● Goal of the exercise
In your copy of the data, keep every word exact and include no pictures.

● Source material
☆ ☆ ☆ ☆ ☆ ☆ ☆

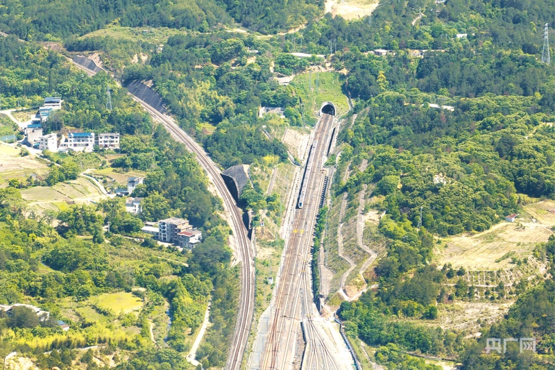 航拍赣瑞龙铁路(央广网发 李宁 摄)
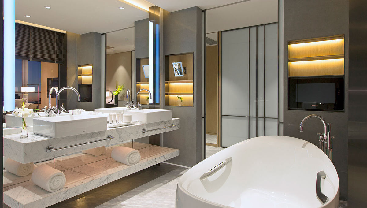 位于酒店7层至25层的N3房型, 宽敞舒适、魅力时尚,其大面积落地玻璃窗将迷人美景尽收室内。房间内配以一系列城市时尚风格的艺术品,给客人营造了现代时尚风格的舒适感觉。设备齐全、精美舒适的浴室由大理石装饰而成,配有豪华浸浴浴缸和独立淋浴,令您充分放松身心。客房内所配备的的洗浴用品选用奢华典雅的意大利品牌特别定制,配有舒适柔软的床单和毛巾用品,让您尊享宽敞舒适与别致氛围。客房内配备有IPad点单服务及免费高速无线上网功能。
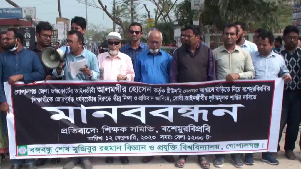 গোপালগঞ্জে আইনজীবী কর্তৃক এক বিশ্ববিদ্যালয়ের (বশেমুরবিপ্রবি) শিক্ষার্থীকে ধর্ষন চেষ্টার নিন্দা ও প্রতিবাদ জানিয়ে দোষী আইজীবীর দৃষ্টান্তমূলক শাস্তির দাবীতে মানববন্ধন করেছে বিশ্ববিদ্যালয়ের শিক্ষক-শির্ক্ষার্থী ও কর্মকর্তা-কর্মচারীরা।

☆ ☆ ☆ ☆ ☆ ☆ ☆

● Response
 航拍赣瑞龙铁路(央广网发 李宁 摄)
 位于酒店7层至25层的N3房型, 宽敞舒适、魅力时尚,其大面积落地玻璃窗将迷人美景尽收室内。房间内配以一系列城市时尚风格的艺术品,给客人营造了现代时尚风格的舒适感觉。设备齐全、精美舒适的浴室由大理石装饰而成,配有豪华浸浴浴缸和独立淋浴,令您充分放松身心。客房内所配备的的洗浴用品选用奢华典雅的意大利品牌特别定制,配有舒适柔软的床单和毛巾用品,让您尊享宽敞舒适与别致氛围。客房内配备有IPad点单服务及免费高速无线上网功能。
 গোপালগঞ্জে আইনজীবী কর্তৃক এক বিশ্ববিদ্যালয়ের (বশেমুরবিপ্রবি) শিক্ষার্থীকে ধর্ষন চেষ্টার নিন্দা ও প্রতিবাদ জানিয়ে দোষী আইজীবীর দৃষ্টান্তমূলক শাস্তির দাবীতে মানববন্ধন করেছে বিশ্ববিদ্যালয়ের শিক্ষক-শির্ক্ষার্থী ও কর্মকর্তা-কর্মচারীরা।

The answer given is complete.